Работа моя началась в тот же день. Сначала я пришивал ему пуговицу, потом гладил носовой платок, а позже сел за стол и стал просматривать бумаги. Жена писала ему часто, почти каждое письмо содержало просьбу прислать денег, и все они начинались приблизительно так: «Вчера мы с Дози читали и перечитывали твое последнее письмо. Как бедная Дози чувствует, что ты не любишь ее! Она часто плачет, когда мы говорим о тебе (ты даже не вспомнил: недавно был день ее рождения!). Бедная, у нее никого нет на свете, кроме меня. Мы опять вынуждены переехать из этой гостиницы и искать другую, пиши до востребования. Нигде не хотят нас держать»… Затем были деловые письма: писал адвокат из Лондона о процентных бумагах, писали из Женевы о продаже недвижимости; были многочисленные письма дальних родственников со всего мира: с Формозы, с Канарских островов, из Персии — один просил денег, чтобы запатентовать изобретение, другой — денег на учение сына, третий — денег на поездку в Париж. И наконец, была папка дел заводов, в которых Калягин поместил свои капиталы. Все это через неделю я уже знал наизусть. Уходя, мне иногда приходилось мазать ему поясницу йодом, он верил в йод, как в универсальное целебное средство.
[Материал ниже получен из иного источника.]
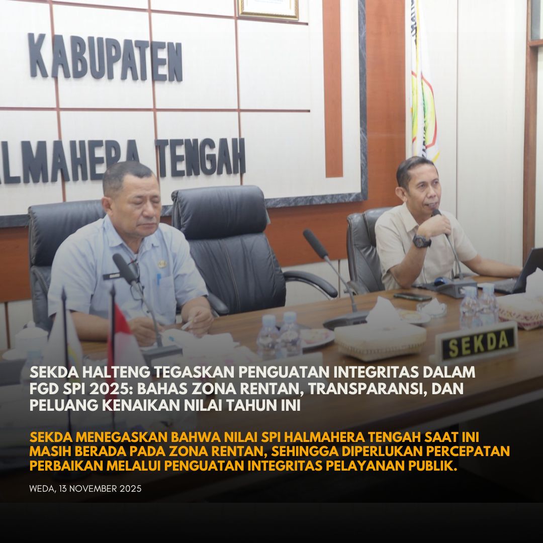 Sekretaris Daerah Kabupaten Halmahera Tengah memimpin Focus Group Discussion (FGD) Survei Penilaian Integritas (SPI) 2025) yang digelar di Ruang Rapat Bupati Halmahera Tengah. Kegiatan ini merupakan bagian dari pendalaman kualitatif SPI yang diselenggarakan oleh KPK bekerja sama dengan Universitas Khairun, serta dihadiri oleh Ketua Tim Mitra Survei, Dr. Irfan Zamzam, SE., M.Sc., Ak., CA., CFA., CFP., CRA., CRP.
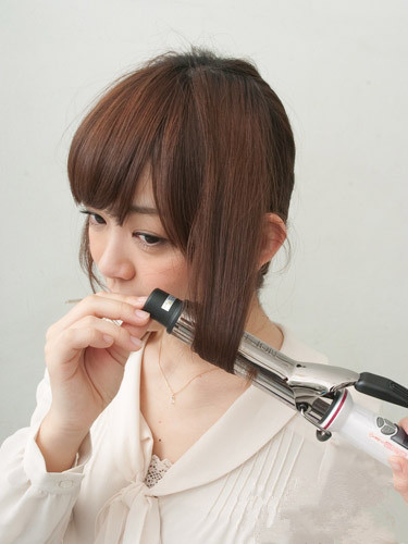 用加热的卷发棒将头发烫卷。

Тело у него было холеное, с желтизной, в крупных родинках.
Месяца через четыре я выслал Але в Париж мой долг и почувствовал, что настало время начать копить деньги на переезд в Чикаго. Я представлял себе Дружина, я все время ясно представлял себе его, я, можно сказать, издали не спускал с него глаз. Вечерами я думал о нем, и мне иногда хотелось рассказать о нем кому-нибудь.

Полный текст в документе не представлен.